** SUPPLIED INFORMATION follows **

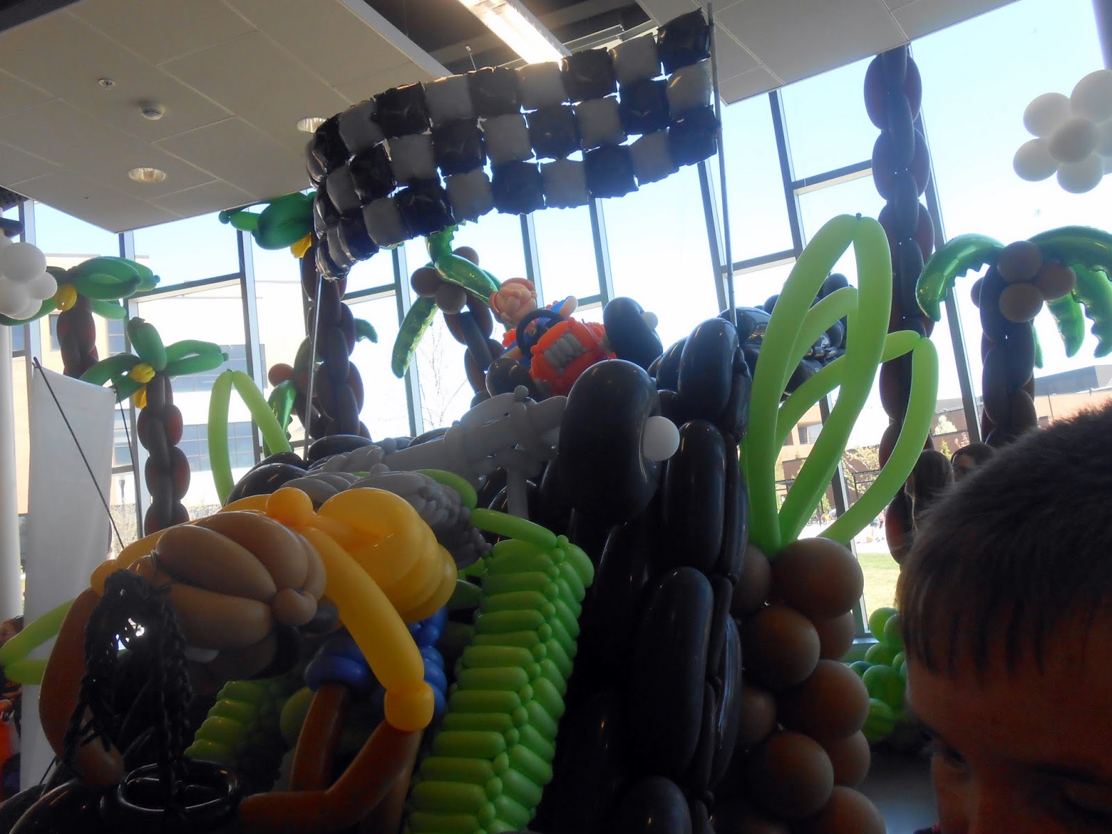 one of my favorite things to see there are the balloon sculptures and to see what ceation they made this year. Race cars! Jonathan liked that one!
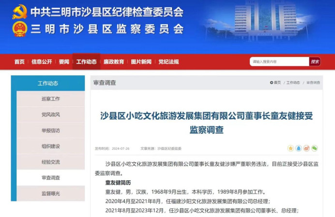 大公快消讯 7月26日,福建省三明市沙县区纪委监委消息显示,沙县区小吃文化旅游发展集团有限公司(以下简称“沙县小吃文旅集团”)董事长童友健涉嫌严重职务违法,目前正接受沙县区监委监察调查。
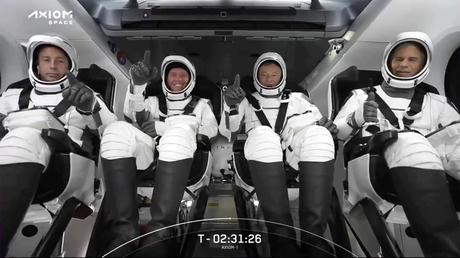 Na snimku kamere iz unutrašnjosti kapsule mogla su se videti četiri člana posade vezana za sedišta, obučena u belo-crne skafandere sa šlemovima.
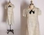 1960s Off White and Sheer Insert Striped Velvet Bow Collar Short Sleeve Shift Dress - S

** End of SUPPLIED INFORMATION **

**DESCRIPTION OF THE TASK**. A word-for-word copy of the lines from the one with "大公快消讯 7月26日,福建" through the final line of the listing above is the whole answer, and it contains no pictures.

**RESPONSE**.
 大公快消讯 7月26日,福建省三明市沙县区纪委监委消息显示,沙县区小吃文化旅游发展集团有限公司(以下简称“沙县小吃文旅集团”)董事长童友健涉嫌严重职务违法,目前正接受沙县区监委监察调查。
 Na snimku kamere iz unutrašnjosti kapsule mogla su se videti četiri člana posade vezana za sedišta, obučena u belo-crne skafandere sa šlemovima.
 1960s Off White and Sheer Insert Striped Velvet Bow Collar Short Sleeve Shift Dress - S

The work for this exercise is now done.